Remember your partner - and yourself "Babies and young children are so demanding that it's easy to put your relationship on the back burner," says Helen Kelly, 36, from Marlborough in Wiltshire, mother to Jago, four, Beatrice, nearly three, and Roo, five months. Having "me time" and couple time helps you rediscover yourselves and each other. As a strong couple you will feel united when facing the demands of parenthood. "Don't leave your husband out in the cold," says Tanya Small, 43, mother to Harrison, seven, and Grace, four. "Make your relationship a priority. I've seen so many couples develop marriage troubles because they've been so besotted with the baby they've ignored each other. If you're not near grandparents who can babysit, join a registered service or a babysitting circle so you can get out together. Happy parents equal happy children."

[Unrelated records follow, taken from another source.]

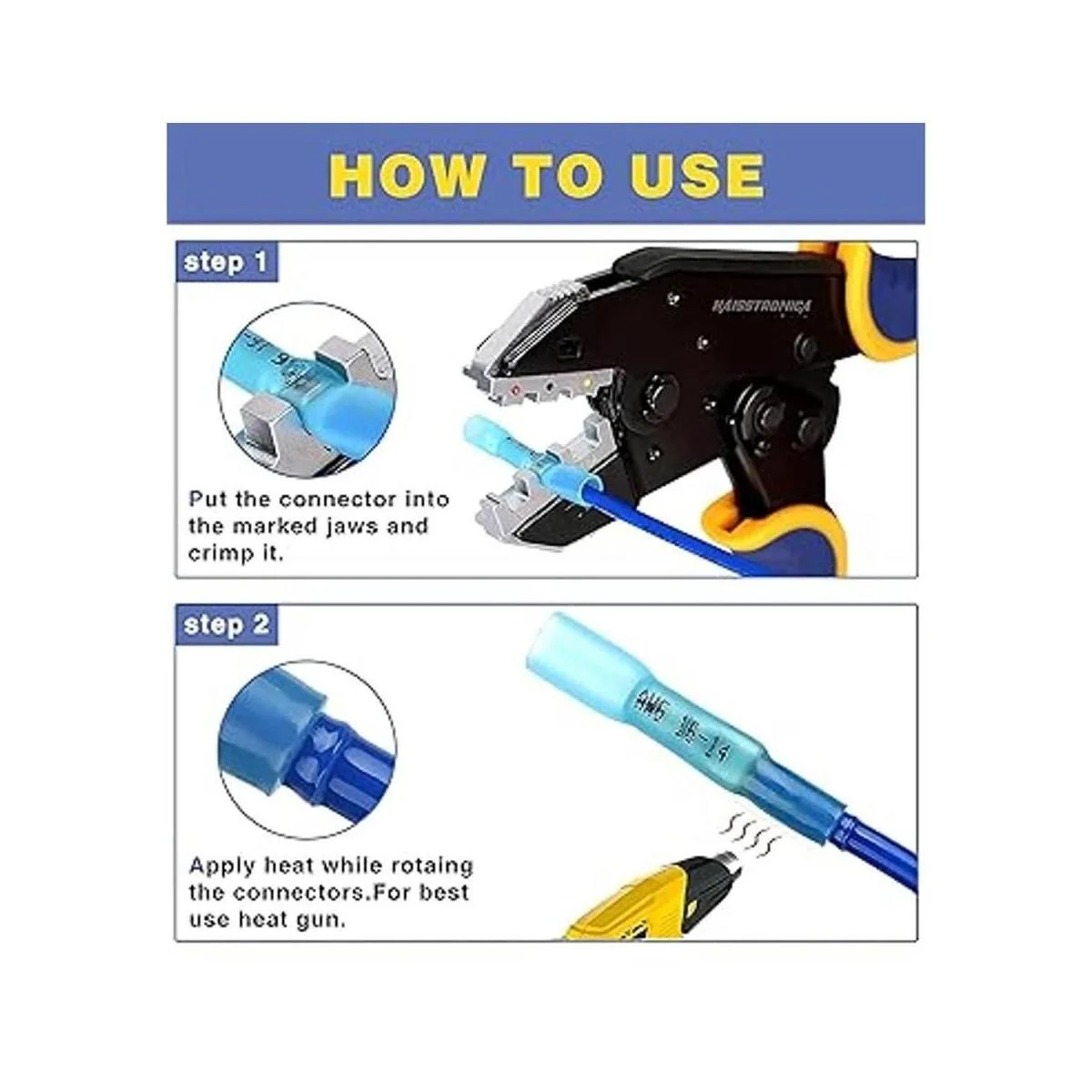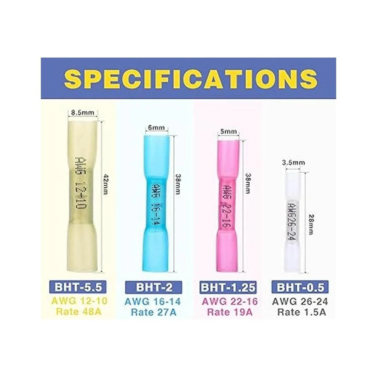 Termorretráctil de alta calidad: el tubo termorretráctil translúcido proporciona una alta resistencia a la tracción y resistencia al estiramiento y minimizar los daños mecánicos. El barril grueso garantiza un fuerte crimpado cada vez. La pared interior del tubo termorretráctil tiene suficiente adhesivo termofusible para garantizar la fiabilidad del rendimiento impermeable. Tu cable nunca se deslizará fuera de estos conectores de cable termorretráctiles.
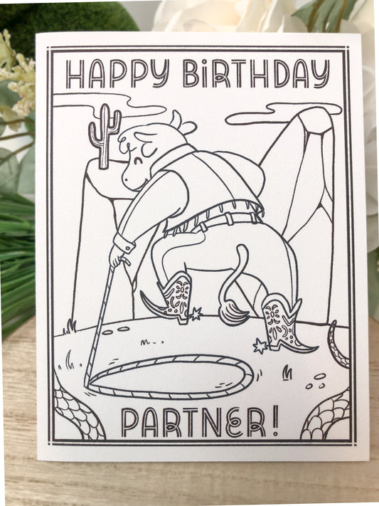 Color-Me-In Cowboy Happy Birthday Partner Greeting Card
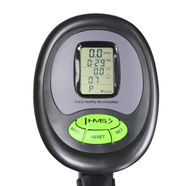 Magnetický rotoped M9239* PLUS patří ke kultovním strojům značky HMS pro domácí použití.Série rotopedů M9239 se vyznačuje robustní a stabilní konstrukcí, jednoduchým ovládáním a sedlem nastavitelným i v horizontální rovině.M9239 je vybaven 9-ti kilogramovým zátěžovým kolem. Regulace zátěže se provádí mechanicky pomocí otočného voliče, který přes lanko upravuje vzdálenost permanentního magnetu od setrvačníku. Tento systém regulace je bezúdržbový, tichý a rovnoměrný.Počítač disponuje velkým a přehledným displejem, který zobrazuje společně všechny údaje o tréninku, ty jsou zobrazeny přehledně pod sebou a není potřeba se proklikávat na konkrétní obrazovku s požadovaným údajem.Sedlo je nastavitelné jak vertikálně, tak i horizontálně. Pohodlné pedály jsou opatřeny nastavitelnými řemínky. Řídítka jdou naklopit a naleznete na nich elektrody pro měření tepové frekvence.
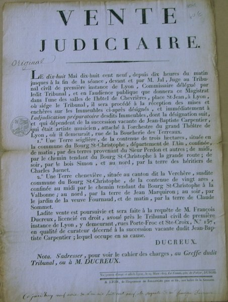 Affichette de 42 x 30 cm - imprimerie Ballanche, Lyon, 1809. Un tampon en marge gauche du document et une mention manuscrite en bordure inférieure et "original" écrit sous le titre. Bon état. Intéressant document reprenant des mentions géographiques "au soir", "au matin" pour situer les terres en question.
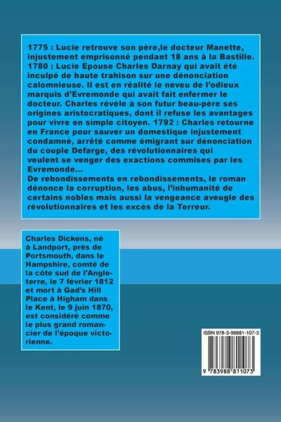 1775 : Lucie retrouve son père,le docteur Manette, injustement emprisonné pendant 18 ans à la Bastille. 1780 : Lucie Èpouse Charles Darnay qui avait été inculpé de haute trahison sur une dénonciation calomnieuse. Il est en réalité le neveu de l'odieux marquis d'Evremonde qui avait fait enfermer le docteur. Charles révèle à son futur beau-père ses origines aristocratiques, dont il refuse les avantages pour vivre en simple citoyen. 1792 : Charles retourne en France pour sauver un domestique injustement condamné, arrêté comme émigrant sur dénonciation du couple Defarge, des révolutionnaires qui veulent se venger des exactions commises par les Evremonde... De rebondissements en rebondissements, le roman dénonce la corruption, les abus, l'inhumanité de certains nobles mais aussi la vengeance aveugle des révolutionnaires et les excés de la Terreur.

Trust your instincts Take parenting books with a pinch of salt. Keep an open mind and be flexible. Use advice that suits you and your child and remember that no one is a perfect parent. "Parenting is all about making the right calls," says Frank Furedi, a professor of sociology at Kent University in the UK and the author of Paranoid Parenting. "To do that you need to be relaxed about drawing on your experience and using your intuition. By all means, talk to others, but remember that when it comes to your own children, you are the expert."